Here’s a moment I like from my meditation period. My therapist was a meditator, and one time she heard out my thoughts on the subject. Then she said I was right, so the memory has stayed with me. My theme was how the mind crumples when one practices self-deception. Parts of what the person knows, of what they’re aware of, get folded out of sight. For example, Jerry Seinfeld’s joke about “Night Guy” and “Morning Guy,” which applies very well to my bedtime habits. Me-tonight and me-tomorrow are the same person, but I always forget that. I fold away our connection.

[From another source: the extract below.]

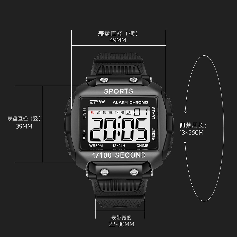 New Cool Multifunctional Men's Electronic Watch Luminous Waterproof Middle and High School Student Alarm Clock Calendar Sports Watch

When paper is crumpled, one bit of the paper suddenly abuts another. In between them is a lot more paper, but that paper has been pushed out of sight. To continue my metaphor: one bit of the paper is me at 11 p.m., wondering how much more to watch of a movie; the other bit is me at nine a.m., listening to an alarm because I have to be someplace. My head at 11 p.m. contains both of these moments, the actual and the prospective. But in between them there’s nothing, not as far as my head is concerned. When I plan my going to bed and my getting up, I factor out that I’m the person who will be doing both. Really, I factor myself out.

That shows a kind of infirmity at the base of the spirit, I would think. On the other hand, there’re plenty of people making the same mistake. Get through a day and you see how people lie to themselves. Their mind senses something, but that thing is not allowed in the front of the brain, the zone where things are recognized. Their mind must contain the unacknowledged item, and also the belief that the item doesn’t exist. Parts of the brain are cut off from each other. More parts are cut off as more lies are taken on. Self-awareness gets creased here and here and here. We're back to the crumpled paper; that’s the self a lot of us wind up with.

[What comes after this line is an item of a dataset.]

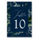 Cartões de mesa de casamento elegantes e botânicos com o número da tabela aninhados em um quadro retangular cercados por eucalipto, samambaias e outros ricos verdes com fundo marinho. Personalize o número de cada placa de mesa e adicione-o ao seu carrinho. Projetado para coordenar com nossa coleção de casamento Abundant Greenery.

Meditation uncrumples. What was folded away is brought back; what was bunched up is smoothed out. Points find their proper relation to each other, and this relation takes into account the whole. The sheet of paper is spread on the table. The person entire comes into view.

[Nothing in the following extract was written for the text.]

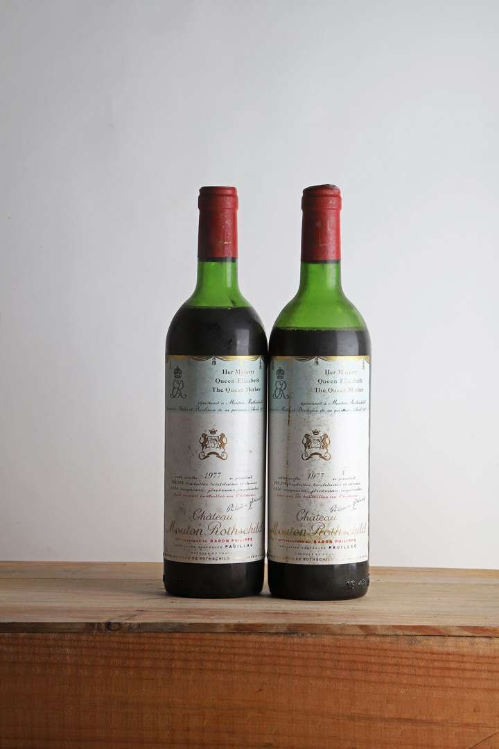 2 B CHÂTEAU MOUTON ROTHSCHILD (1 H.E.+| 1 B.E.+| e.t.h| 1 c.c. bosselée) - 1977 - GCC1 Pauillac

Neil Gaiman wrote a graphic novel (A Game of You) involving a creature that picked through people’s psyches. “They divide themselves up into such complex puzzles,” said the creature, musing on our ways. Our approach does seem odd, and I think I pursue it more than most people. My bedtime habits are a mere aspect of the problem; the ground rules of my existence are written along the same goofy lines. I wish I could switch to the better approach; so far I haven’t. I’m folded, not whole. Really, I’m crumpled. My back hurts and so does my spirit, and I wish I could stop being a fool. But I do have the memory of being right. When I told my therapist about the crumpled paper, she said I had got it. She was a patient and kind-hearted woman, and she was a meditator. Maybe there’s something to it.